For a disability extension to be available, the following criteria must occur:

1) The qualifying event must be attributed to termination of employment or a reduction in hours; and

2) A qualified beneficiary must be considered disabled by the Social Security Administration at any time during the first 60 days of COBRA coverage; and

3) The qualified beneficiary must notify the plan administrator of the disability determination within 60 days after the latest of a) the date of the Social Security disability determination, b) the date of the qualifying event, c) the date of the loss of coverage associated with the qualifying event, or d) the date the qualified beneficiary is informed of the requirement to provide notice of a disability, such as through the COBRA Initial Notice or a Summary Plan Description (SPD); and

4) The qualified beneficiary must provide notice to the plan administrator before the end of the 18-month period following the qualifying event.

Although the primary purpose of the extension of coverage is to allow the disabled qualified beneficiary to remain on COBRA until they are eligible for Medicare, the disability extension applies to all qualified beneficiaries. That means all family members who had coverage at the time of the qualifying event are eligible to receive an extra 11 months of COBRA coverage, not just the disabled family member. This is true even if the disabled family member does not elect COBRA because the extension applies independently to each of the qualified beneficiaries. This is confirmed in Treas. Reg §54.4980B-8 Q/A-1(b), Example 2.

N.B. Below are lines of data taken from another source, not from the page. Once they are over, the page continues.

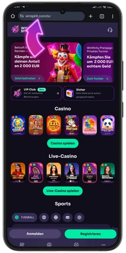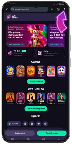 Die mobile Version bildet das komplette Desktop-Layout ab: dunkles Interface, violette und grüne Akzente, alle Bereiche direkt erreichbar. Über die WinSpirit casino app greifen Sie auf 6.500+ Titel, Sportwetten, Live-Dealer-Tische und den VIP-Club zu. Die Hauptnavigation gliedert sich in 7 Kategorien, die wir unten auflisten.
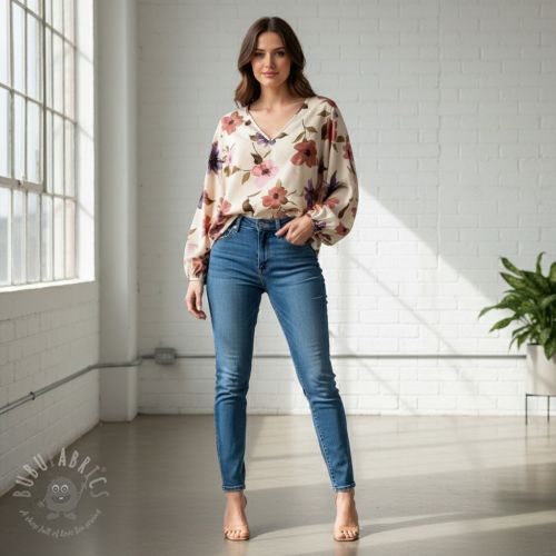 Bawełniana tkanina VISCOSE Flowers offwhite digital print
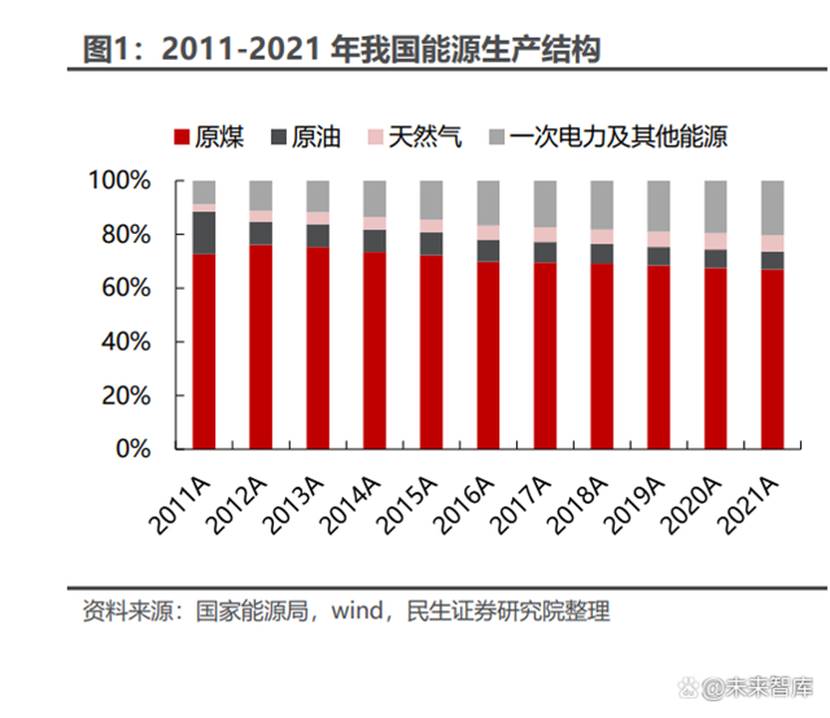 生產(chǎn)的主力 根據(jù)國(guó)家統(tǒng)計(jì)局的數(shù)據(jù),截至 2021 年底,全國(guó)煤炭資源基礎(chǔ)儲(chǔ)量 2078.9 億 噸、石油基礎(chǔ)儲(chǔ)量 36.9 億噸、天然氣基礎(chǔ)儲(chǔ)量 6.34 萬(wàn)億立方米。在不考慮進(jìn)口部 分以及生產(chǎn)、消費(fèi)兩方面增長(zhǎng)的情況下,按照 2021 年的能源消費(fèi)量以及基礎(chǔ)儲(chǔ)量 計(jì)算,煤炭每年約 42.3 億噸的消耗可用時(shí)間約 49 年,石油每年約 7.2 億噸的消 耗可用時(shí)間約 5 年,天然氣每年約 0.37 萬(wàn)億立方米可用時(shí)間約 17 年。“富煤、貧 油、少氣”的資源稟賦一方面決定了中國(guó)在能源革命到來(lái)前,煤炭在國(guó)內(nèi)一次能源 使用中的占比居高不下的狀態(tài);另一方面也凸顯了煤炭對(duì)于中國(guó)能源自給和能源 安全的戰(zhàn)略重要性。
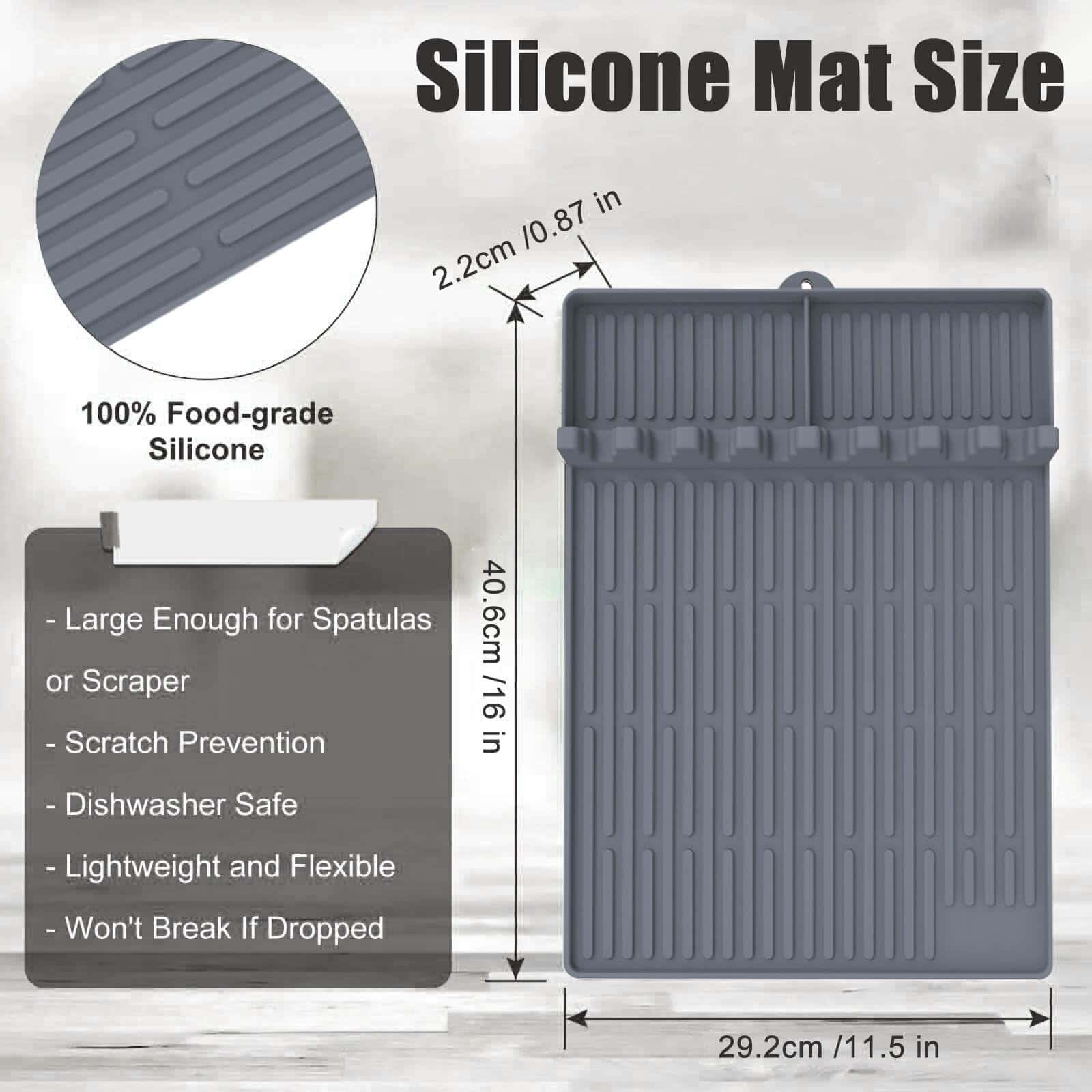 1. Tapete de Espátula de Silicona que Combina con la Parrilla Blackstone: Tamaño grande de 16×11.5″ de tapete de espátula de silicona, diseñado para la repisa lateral de las parrillas Blackstone. Puedes poner espátula de barbacoa, pincel, cuchillo, espátula, varios frascos de condimentos. Puedes tenerlos al alcance de tu mano. No más preocupaciones por manchar la encimera.

During the first 18 months of COBRA coverage that are attributed to a loss of coverage because of termination of employment or a reduction in hours, the plan administrator may charge qualified beneficiaries up to 102% of the plan premium. During the 11-month disability extension, the plan administrator may charge qualified beneficiaries up to 150% of the plan premium.

It should be noted that a disability extension is not the only way that the maximum duration of COBRA coverage can be extended. For example, there could be secondary qualifying events that occur, but those topics are not addressed in this article.